The apparatus 1600 may further include one or more interfaces 1606 that may facilitate communication between the apparatus and one or more other apparatuses. For example, the interface 1606 may be configured to receive EEG records from a database and to output information, e.g., therapy suggestions, to a display. Communication may be implemented using any suitable structure or communications standard, wired or unwired. For example, communication with a database may be through a LAN interface that implement protocols and/or algorithms that comply with various communication standards of the Institute of Electrical and Electronics Engineers (IEEE), such as IEEE 802.11. Communication with a user interface and display may be through wired or unwired structures.

The memory 1604 may store various program modules, application programs, and so forth that may include computer-executable instructions that upon execution by the processing unit 1602 may cause various operations to be performed.

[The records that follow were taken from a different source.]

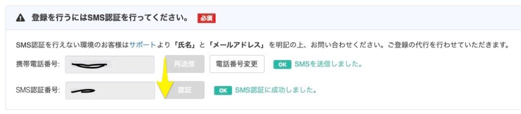 続いてすぐ下にある「SMS認証」を行いましょう。
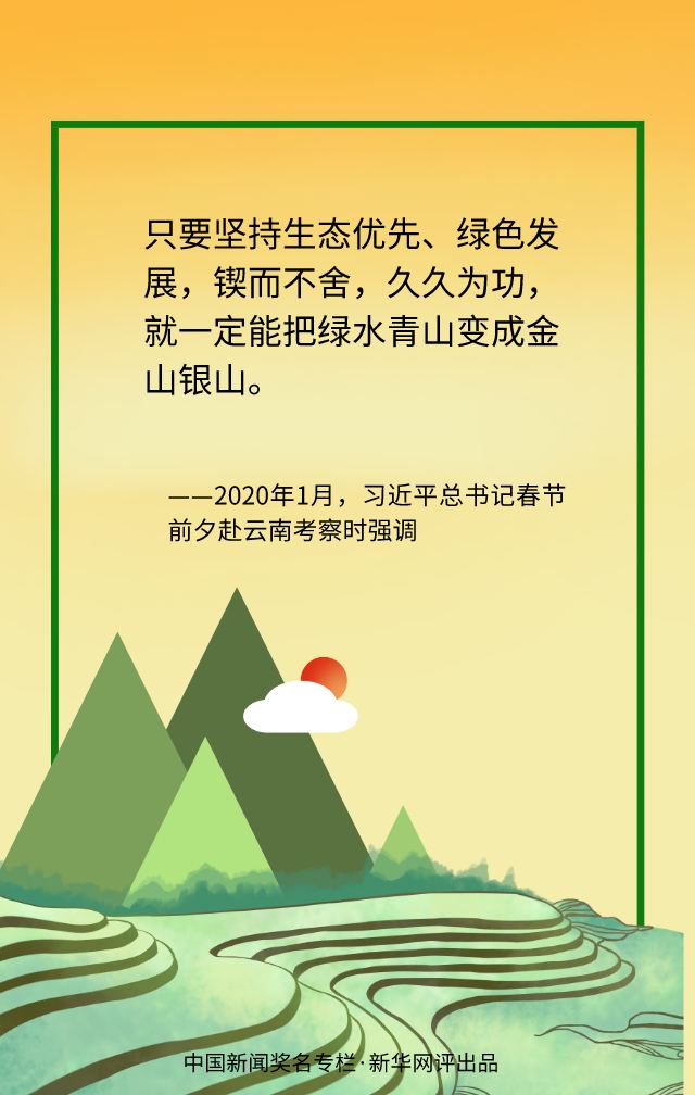 綠色發(fā)展道阻且長,但行則將至。生態(tài)治理、實現(xiàn)人與自然和諧共生仍有不少“硬骨頭”要啃。我們既要有除弊治病的決心,又要有遵循規(guī)律辦事的自覺,既要有只爭朝夕的精神,更要有持之以恒的堅守,以綿綿之力久久為功,腳踏實地地推進美麗中國建設,一處處“詩意棲居”的綠水青山必將變成一座座金山銀山。(文字:徐可 海報:滕華)
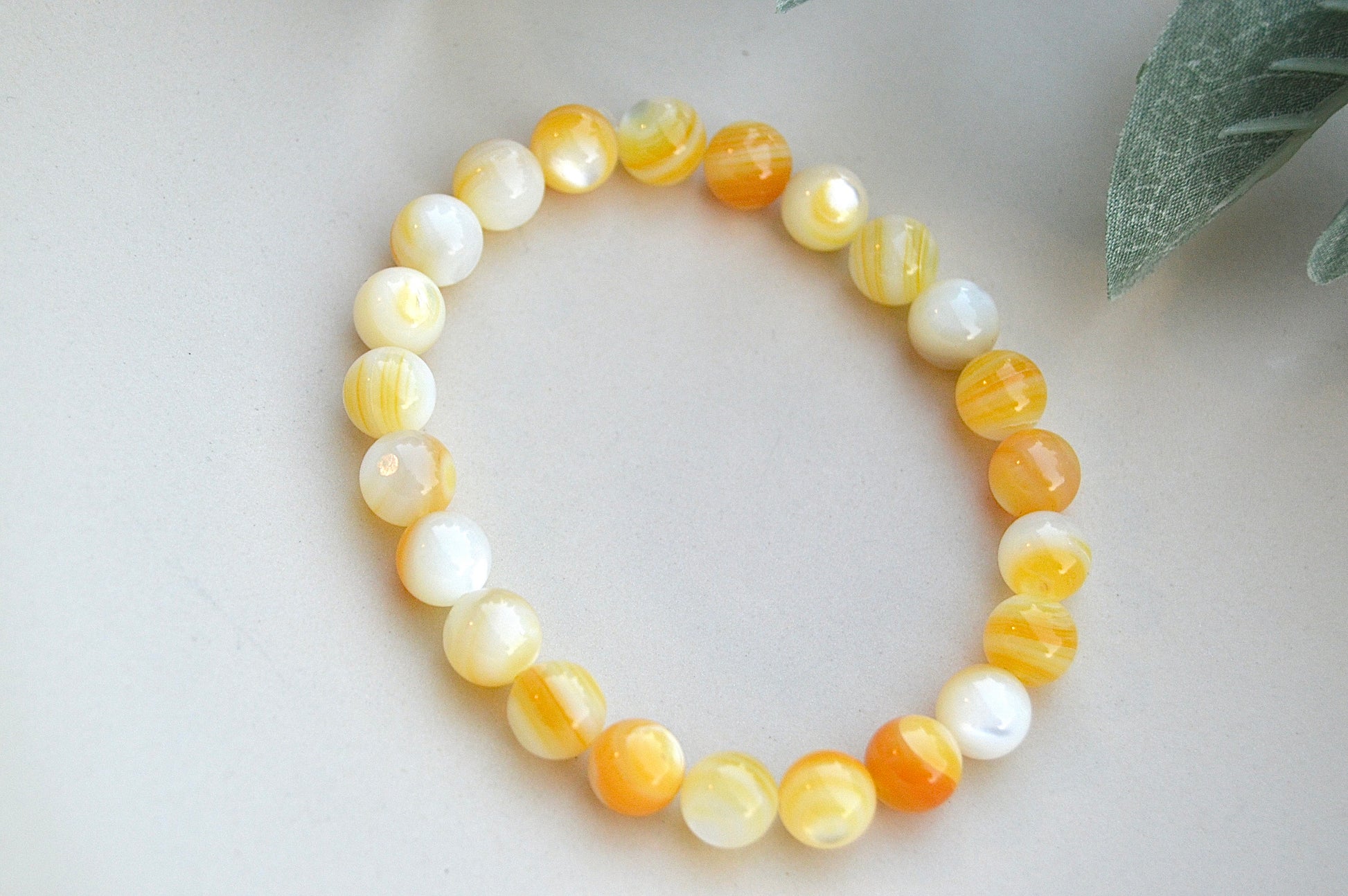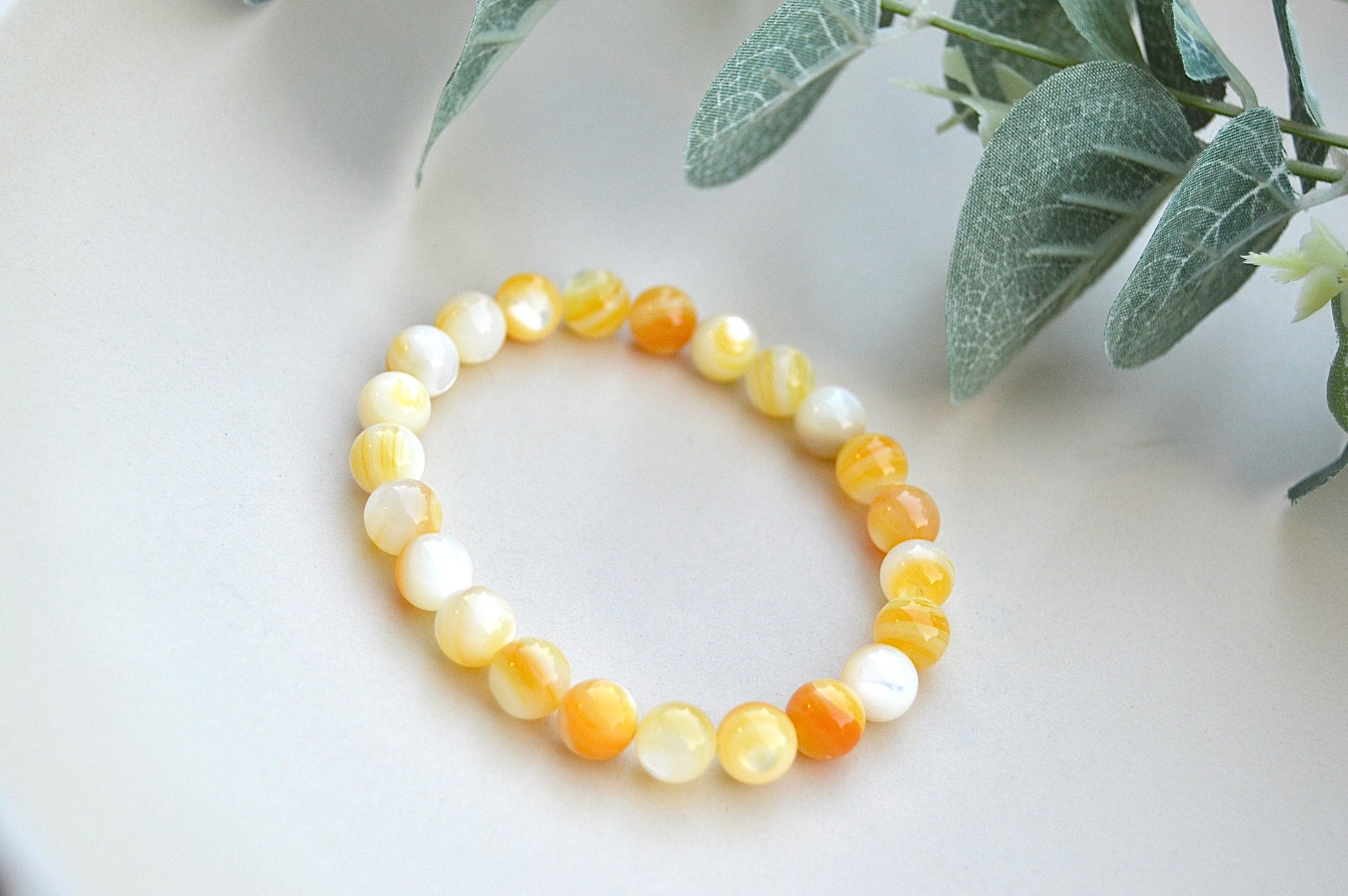 Et elegant armbånd laget med naturlig perlemor – kjent for sin myke glød og beroligende egenskaper. Perlemor forbindes med indre ro, beskyttelse og følelsesmessig balanse, og er et vakkert smykke som løfter både antrekket og sinnet.
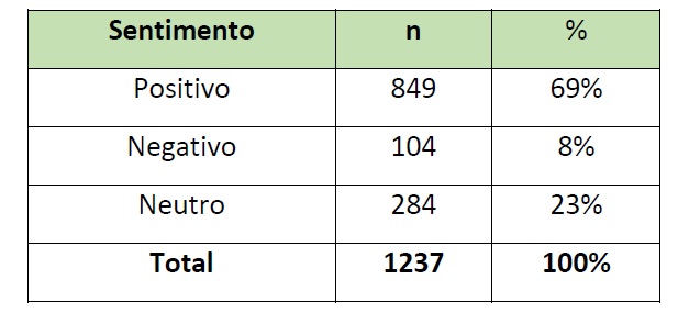 A análise desse corpus foi realizada em três etapas. Em primeiro lugar, o corpus foi sintetizado por meio da identificação e eliminação de palavras e expressões redundantes. Erros ortográficos também foram corrigidos nessa etapa. Na segunda etapa, foi realizada uma análise de sentimento manual em que as palavras e expressões foram codificadas como positivas, negativas ou neutras. Alguns exemplos de palavras classificadas como neutras são verbos, nomes de companhias aéreas e palavras comuns ao tema, como “fidelidade” e “passagem”. A maior parte das palavras/expressões que os respondentes relataram associar às milhas aéreas foi de conotação positiva, conforme resultados apresentados na Tabela 1.
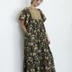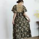 后扣宽短袖拼接长洋装_黑黄花 - 洋装/连衣裙 - 棉.麻 绿色
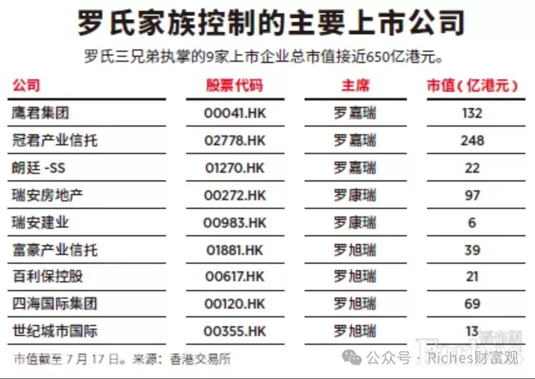 创始人罗鹰石白手起家打下地产江山,哪怕经历第二代兄弟反目、各立门户,却没让家族财富散架;第三代稳步接班、各展所长,最终手握 10 家上市公司,横跨地产、酒店、建筑三大领域,成为香港商界最具生命力的家族之一。
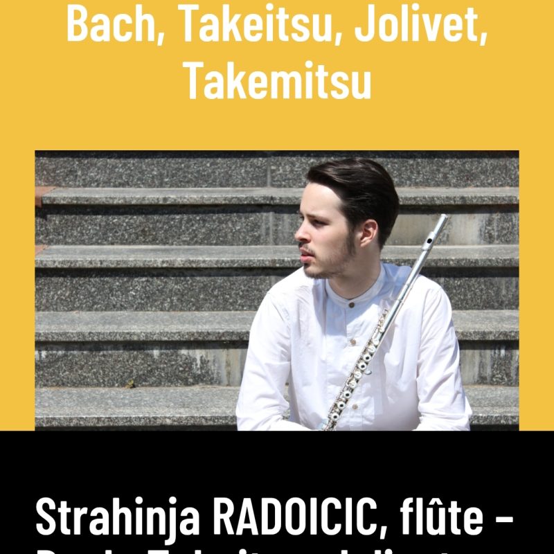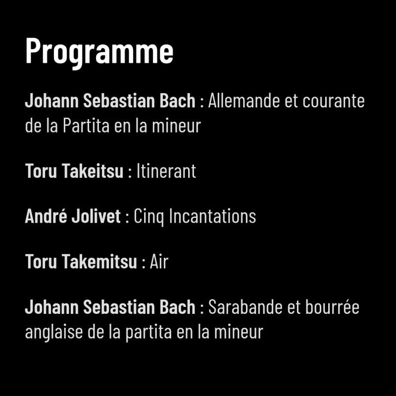 На програму ће се наћи искључиво дела за флауту соло Јохана Себастијана Баха, Т. Такемицуа и Андреа Жоливеа.

For example, the memory 1604 may include an operating system module (O/S) 1608 that may be configured to manage hardware resources such as the interface 1606 and provide various services to applications executing on the apparatus 1600.

The memory 1604 stores additional program modules such as: (1) an electrographic event module 1610, (2) probabilistic module 1612; and (3) a parameters module 1614;. Each of these modules includes computer-executable instructions that when executed by the processing unit 1602 cause various operations to be performed, such as the operations described earlier with reference to FIGS. 1-15.

The various aspects of this disclosure are provided to enable one of ordinary skill in the art to practice the present invention. Thus, the claims are not intended to be limited to the various aspects of this disclosure, but are to be accorded the full scope consistent with the language of the claims. No claim element is to be construed under the provisions of 35 U.S. C. § 112, sixth paragraph, unless the element is expressly recited using the phrase “means for” or, in the case of a method claim, the element is recited using the phrase “step for.”